● **What is needed**: Print the data exactly. Omit the pictures.

━━━ Dataset extract ━━━

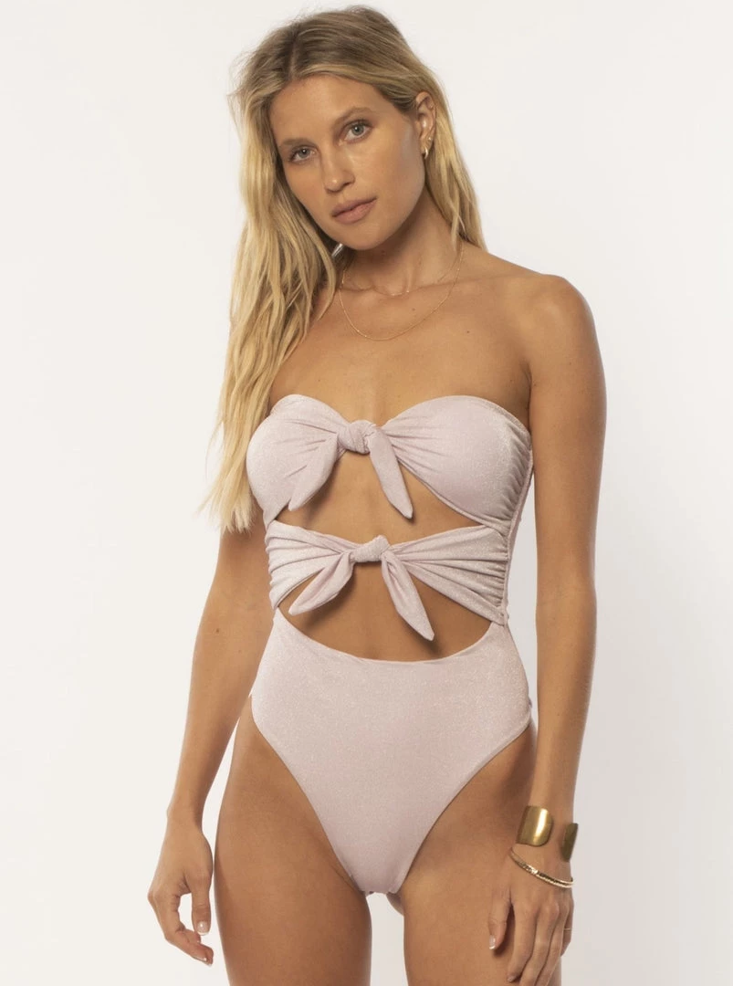 The Solid Belmond One Piece is a metallic shimmer one piece with a high leg high hip style. It is clean finished with two adjustable center front tie details. It has boning at side seams and clear sticky tape along the top interior edge. It is fully lined and has removable straps and removable pads.
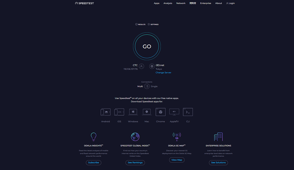 まず、「SPEEDTEST」にアクセスします。
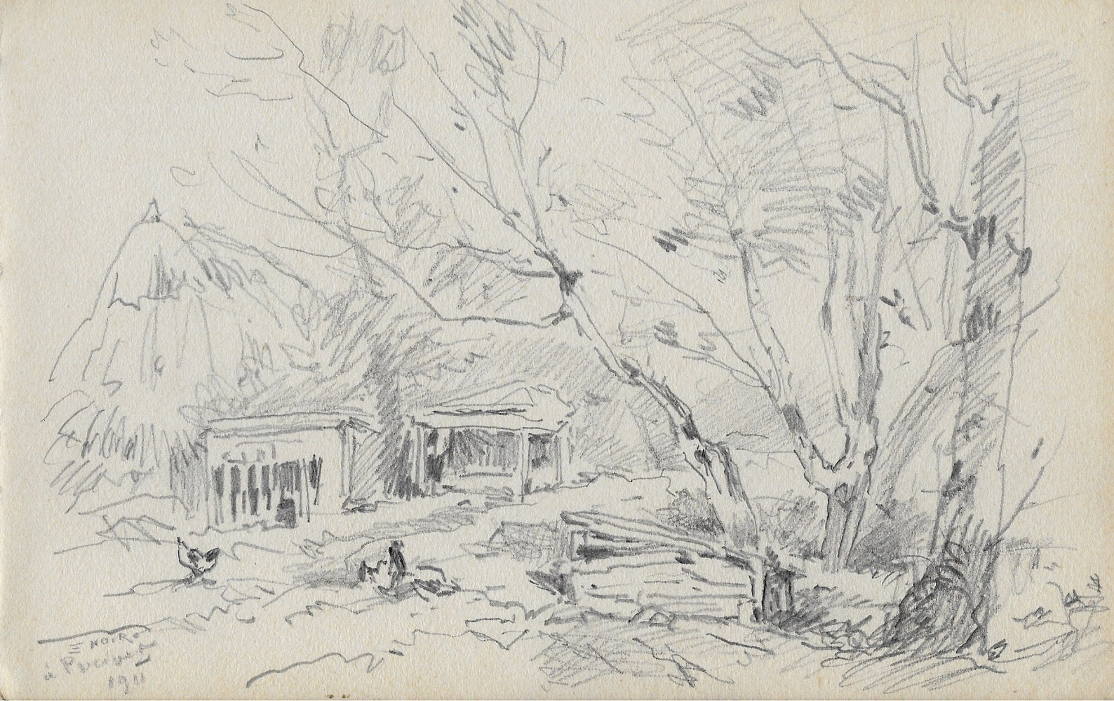 C83 Dessin, crayon (feuille 130*210 mm) par Émile Benoit Noirot (Roanne (Loire), 5 juin 1853 † St-Germain-des-Fossés (Allier), 5 juin 1924) Signé, situé (illisible) et daté en bg E. NOIROT | à P***** | 1911. Même lieu non identifié que le dessin précédent. 27ème dessin du carnet C (feuille 130*210 mm). Titre forgé. Au premier plan à gauche deux poules sur un chemin, à droite un trou d’où émergent un cabanon en bois entouré de quatre feuillus (le dernier esquissé). Derrière les poules, deux autres cabanons séparés par un arbre, derrière un édifice !

━━━

● **Solution to this task**:
 The Solid Belmond One Piece is a metallic shimmer one piece with a high leg high hip style. It is clean finished with two adjustable center front tie details. It has boning at side seams and clear sticky tape along the top interior edge. It is fully lined and has removable straps and removable pads.
 まず、「SPEEDTEST」にアクセスします。
 C83 Dessin, crayon (feuille 130*210 mm) par Émile Benoit Noirot (Roanne (Loire), 5 juin 1853 † St-Germain-des-Fossés (Allier), 5 juin 1924) Signé, situé (illisible) et daté en bg E. NOIROT | à P***** | 1911. Même lieu non identifié que le dessin précédent. 27ème dessin du carnet C (feuille 130*210 mm). Titre forgé. Au premier plan à gauche deux poules sur un chemin, à droite un trou d’où émergent un cabanon en bois entouré de quatre feuillus (le dernier esquissé). Derrière les poules, deux autres cabanons séparés par un arbre, derrière un édifice !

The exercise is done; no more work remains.